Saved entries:
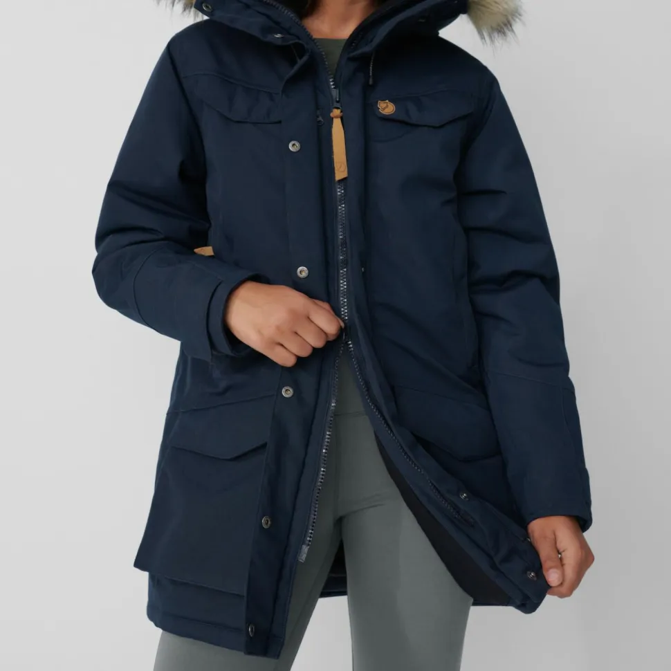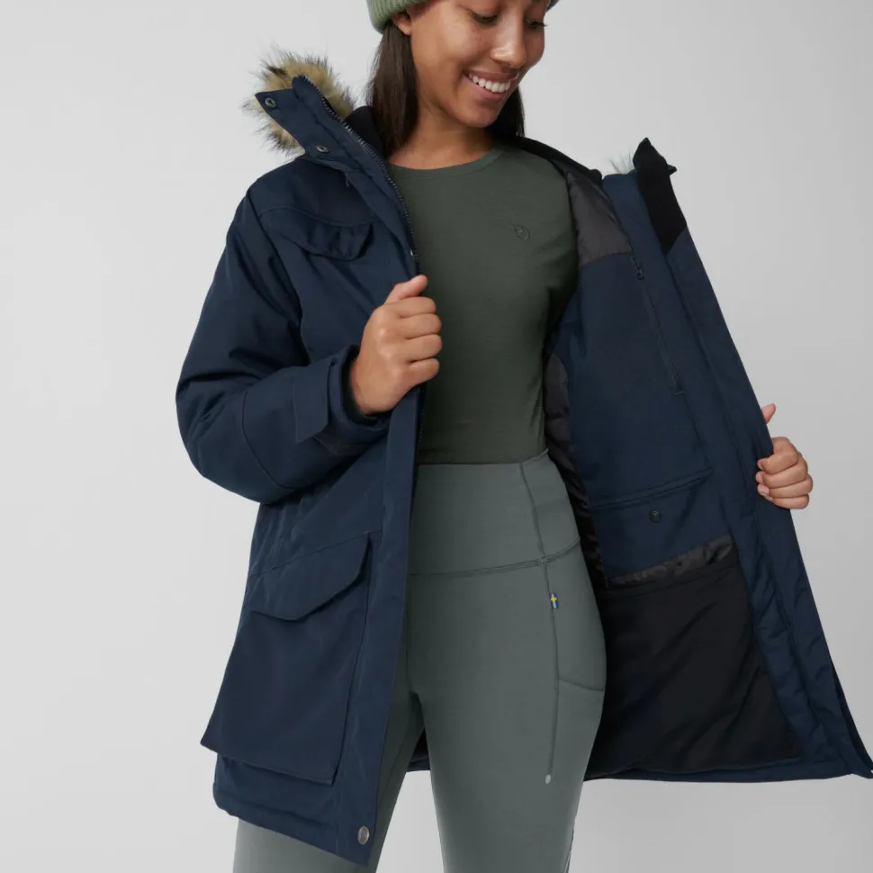Damit Du auch bei sehr schlechtem Wetter geschützt durch den Alltag kommst, ist der Women’s Nuuk Parka von Fjällräven mit sehr robusten Materialien ausgestattet. Diese verhindern das Eindringen von Wind und Nässe. Eine Besonderheit der Jacke sind zudem die enorm vielen Verstaumöglichkeiten. Eine Vielzahl an Taschen auf der Innen- und Außenseite des Parkas macht es möglich, die wichtigsten Kleinigkeiten immer dabei zu haben. Auch frierende Hände finden in den Taschen einen warmen Zufluchtsort vor dem Winter.
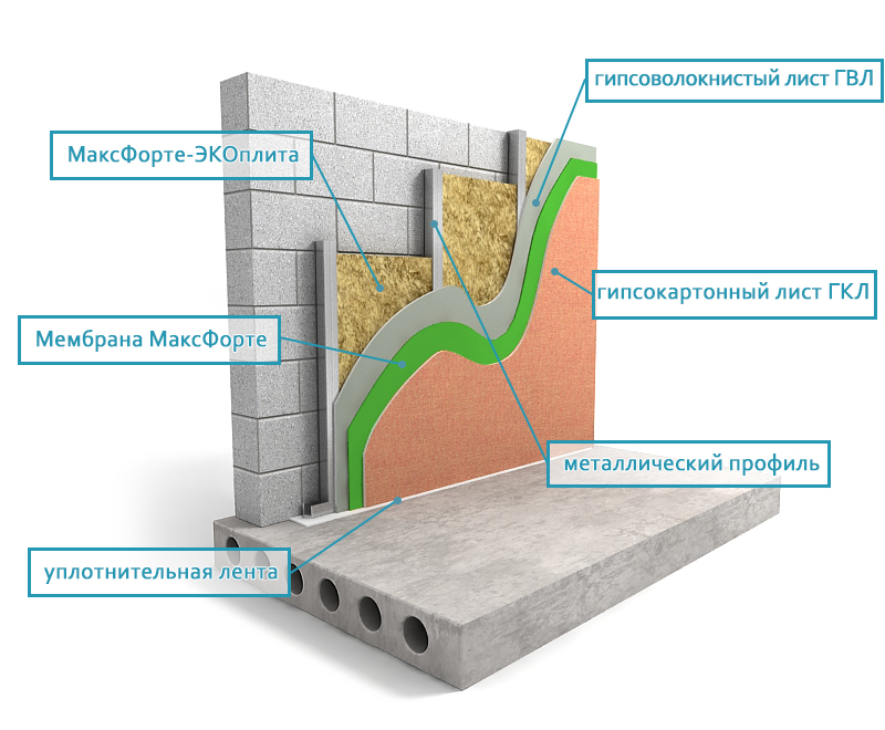 Тяжелая, эластичная мембрана МаксФорте применяется в каркасных и бескаркасных гипсокартонных системах звукоизоляции. Благодаря высокой массе обладает высокими звукоизоляционными свойствами, а за счет эластичности отлично снижает вибрации различных диапазонов. Наиболее эффективное применение мембраны в качестве размещенного слоя между двумя листами гипсокартона.
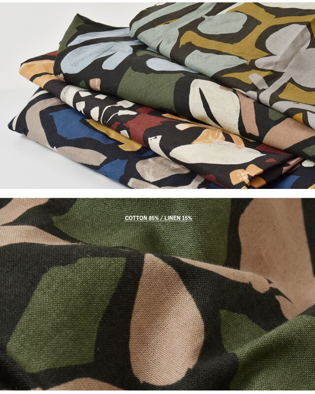 シーチング生地に顔料でフラワープリントを施した生地を使用。アートタッチな花柄プリントをデリケートに扱わず、USED製品を扱うようにイージーに捉え、洗い・着用する度に表情に変化が現れ、経年劣化が楽しめるギャップのある商品に仕上がりました。カジュアルでありながらも、素材感で上品さを感じさせる、my beautiful landletらしい雰囲気の生地です。
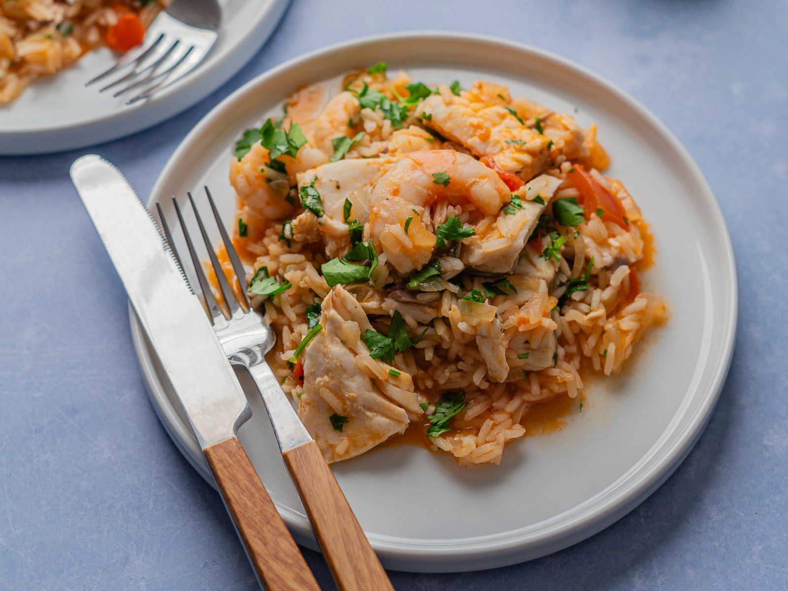 Sirva o arroz malandro de robalo e coentros de imediato.
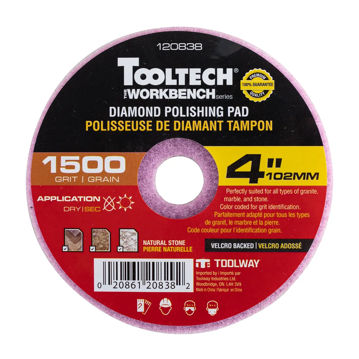Tooltech’s® line of Workbench Series 4in polishing pads are designed for the grinding and polishing of marble, granite, ceramics, and other stone materials. Designed to fit most hand grinders, they are available in multiple grits, ensuring the proper one is chosen for the task at hand.  Pads are colour coded for quick grit identification and are hook and loop backed for rapid and effortless changing. These diamond pads are rated for high sharpness and are used dry.
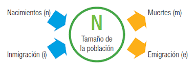 - Migración: entrada (inmigración) y salida (emigración) de individuos.
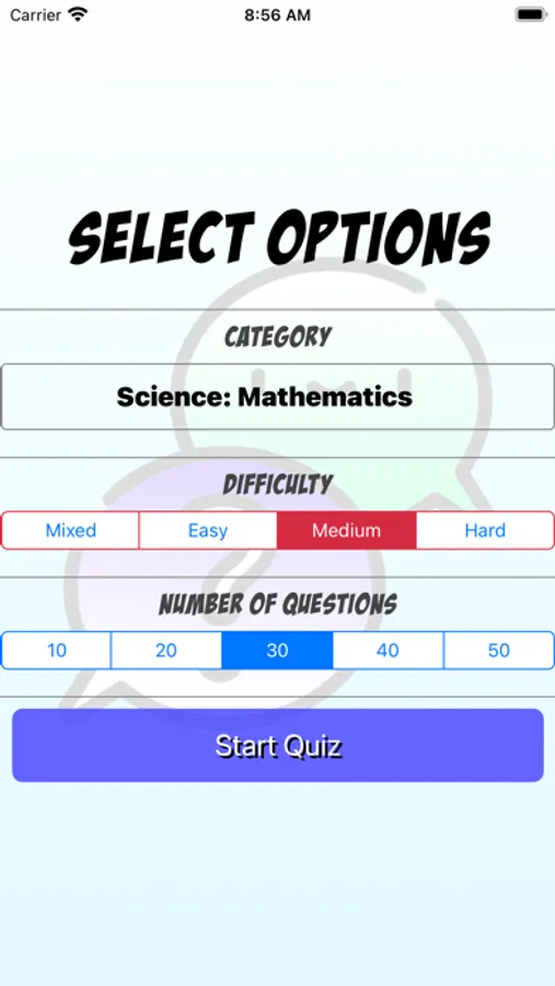 - Select Quiz Options and click Start Quiz
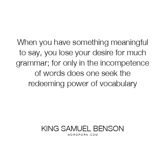 When you have something meaningful to say, you lose your desire for much grammar; for only in the incompetence of words does one seek the redeeming power of vocabulary
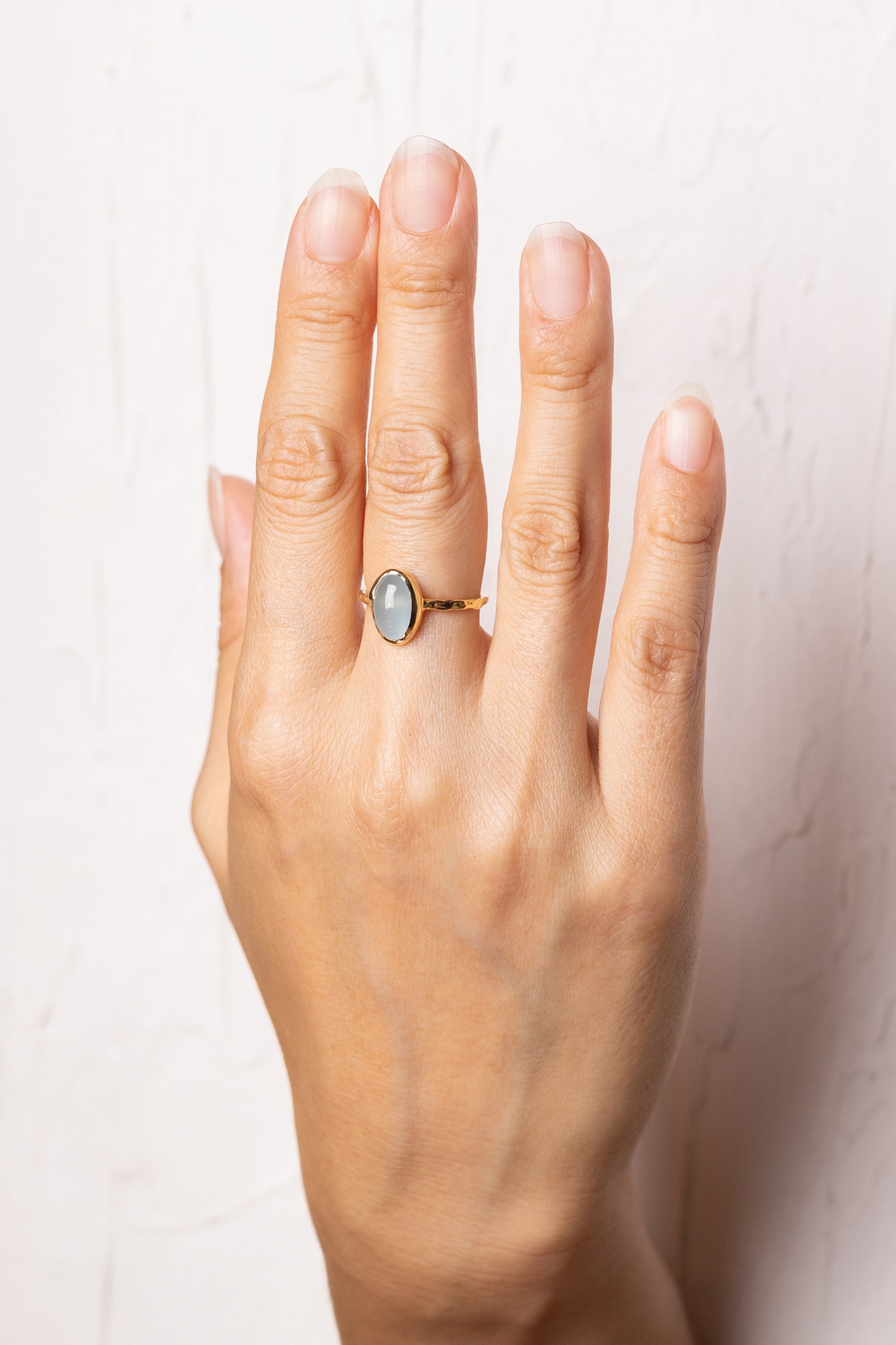 Milky Baby Blue Aquamarine Textured Band Ring
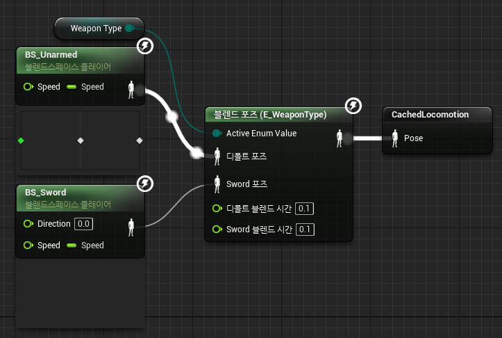 ABP_Character(애니메이션 블루프린트)의 AnimGraph에서 Locomotion과 CachedLocomotion의 연결을 끊어주고E_WeaponType 블렌드 포즈를 추가해준다.
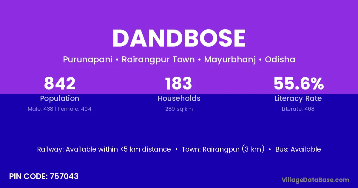Rairangpur (3 km) is the nearest town to Dandbose village for major economic activities and is located approximately 3 km away.
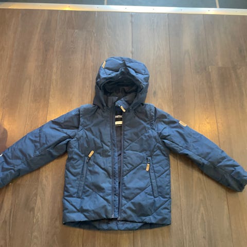Reima barnejakke i størrelse 128, blå farge. Veldig fin vinterjakke fra Reima, den er pent brukt. Mangler pelskrage på hetten
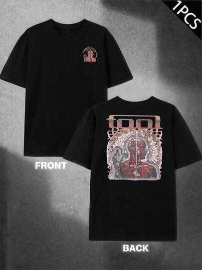 Anatomy Art Print Tee , Men's Double-Sided Printed Fashionable Casual Crew Neck 220gsm Pure Cotton T-Shirt(1 PC) - Black - View 1
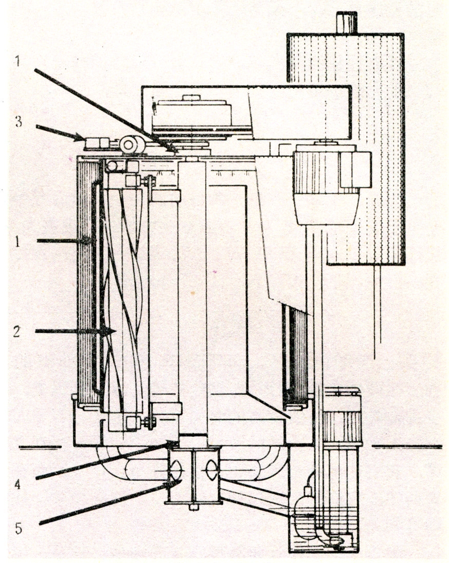 全套设备由片冰机和制冷系统两部分组成。其中片冰机主要由结冰圆筒、轧冰刀、传动、淋水系统及隔热层组成。结冰圆筒是机器的主要工作部件,可由不锈钢或碳素钢板外喷涂硬质合金制成。圆筒体为中空结构,致冷剂从圆筒的端轴进入夹层,又从连接于端轴外的密封箱通道内回气至压缩机。结冰圆筒卧放、半浸没于水箱中的,称卧式片冰机;立放、并依靠机内水泵供水,经供水管和喷头洒淋其表面的,称立式片冰机。低温制冷剂由液泵或重力供液,经分配器送入结冰圆筒,并在其夹层螺旋形槽内呈环状流动,不断吸收水中的热量,使圆筒表面的水迅速冷却结冰,形成冰层。圆筒或冰刀不断旋转,将冰切碎成片状后落入出冰斜槽,经出冰口连续送出机外。立式片冰机的结构见图。其上部为减速传动器,下端为供液回气密封装置,中间为垂直布置的结冰圆筒和螺旋轧冰刀。在结冰圆筒的上方为机内供水的淋水管,机器的外围为隔热体。机内水箱的水需预冷至2~6℃。水箱的水位可自动调节和控制,操作时只要先开机淋水约3~5分钟,待水冷却后再开动结冰圆筒或冰刀,便开始产冰。
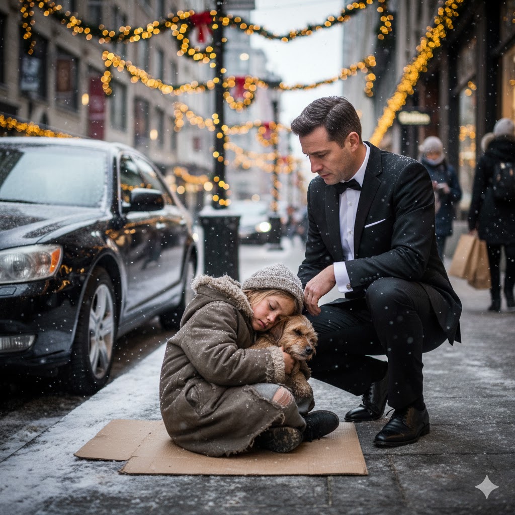 He stepped out, the icy wind slicing through his tailored suit. The street was silent except for the whisper of snow. As he approached, the little girl stirred, her frightened eyes darting up.
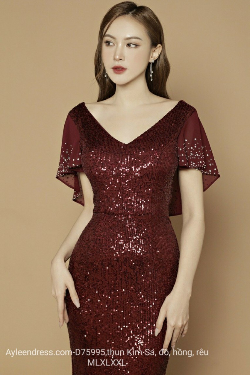 Đầm dạ hội kim sa thun tay choàng
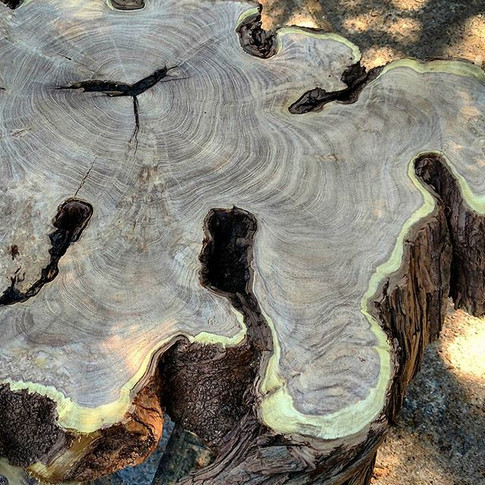 We've been commissioned to create a custom 34" diameter coffee table from this rare Mesquite End grain slab with a rare flowery-burl shape. The customer has requested us to secure the bark and finish in high gloss with matching Mesquite lathe-turned legs that we've partnered with Michael aka The Wood Chef to create for us.
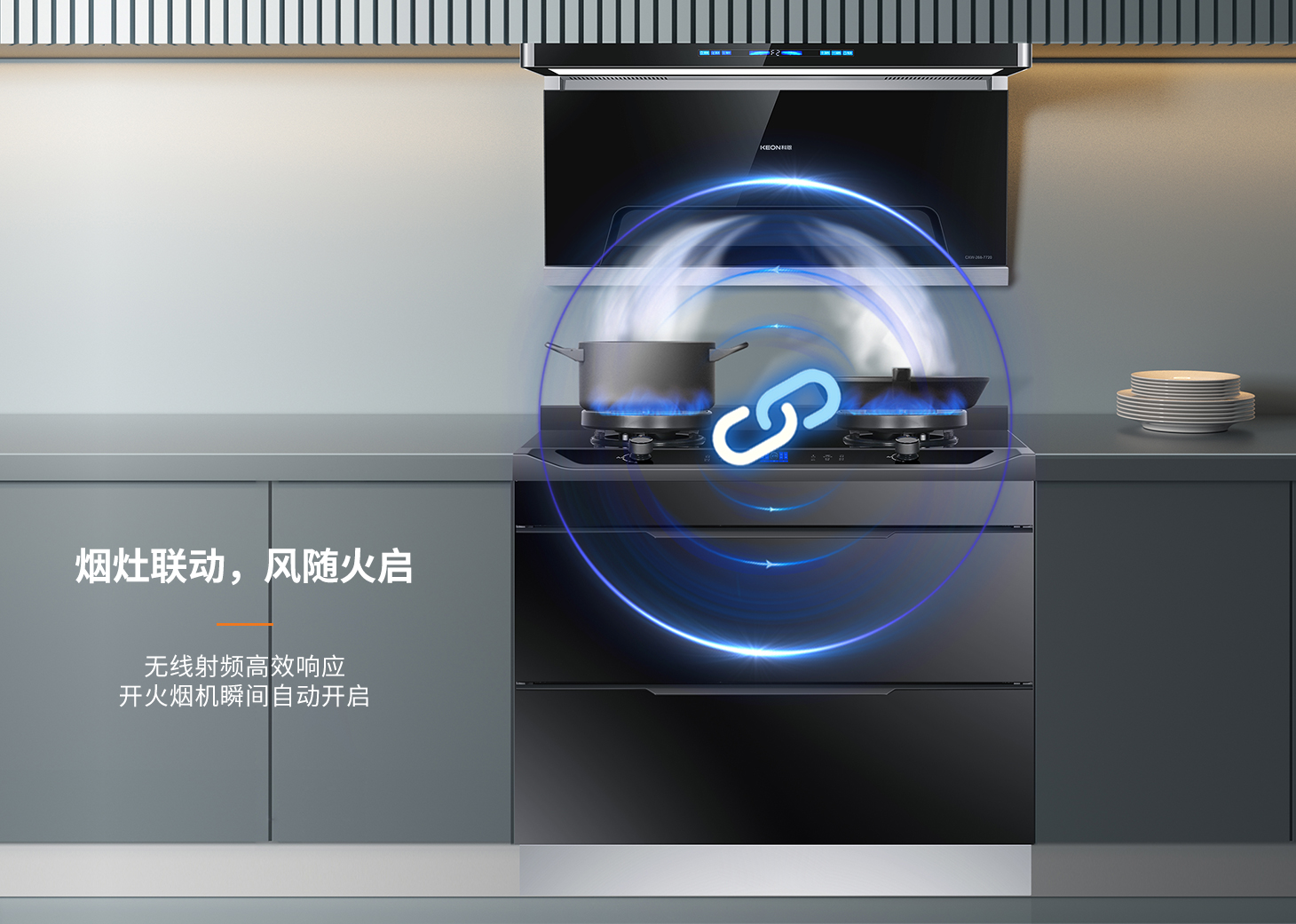 煙灶聯動,凈煙無憂免除手忙腳亂操控科恩集成烹飪中心煙灶智控互聯,開火即排煙5.2KW焰猛火系統實現快速升溫煎炒炸烙樣樣拿手廚房小白也能變身中華小當家

Instructions for the task -> Repeat only the lines between the top of the entries above and the line containing "Тяжелая, эластичная мембрана", both ends included, without the pictures.

Written answer ->
Damit Du auch bei sehr schlechtem Wetter geschützt durch den Alltag kommst, ist der Women’s Nuuk Parka von Fjällräven mit sehr robusten Materialien ausgestattet. Diese verhindern das Eindringen von Wind und Nässe. Eine Besonderheit der Jacke sind zudem die enorm vielen Verstaumöglichkeiten. Eine Vielzahl an Taschen auf der Innen- und Außenseite des Parkas macht es möglich, die wichtigsten Kleinigkeiten immer dabei zu haben. Auch frierende Hände finden in den Taschen einen warmen Zufluchtsort vor dem Winter.
 Тяжелая, эластичная мембрана МаксФорте применяется в каркасных и бескаркасных гипсокартонных системах звукоизоляции. Благодаря высокой массе обладает высокими звукоизоляционными свойствами, а за счет эластичности отлично снижает вибрации различных диапазонов. Наиболее эффективное применение мембраны в качестве размещенного слоя между двумя листами гипсокартона.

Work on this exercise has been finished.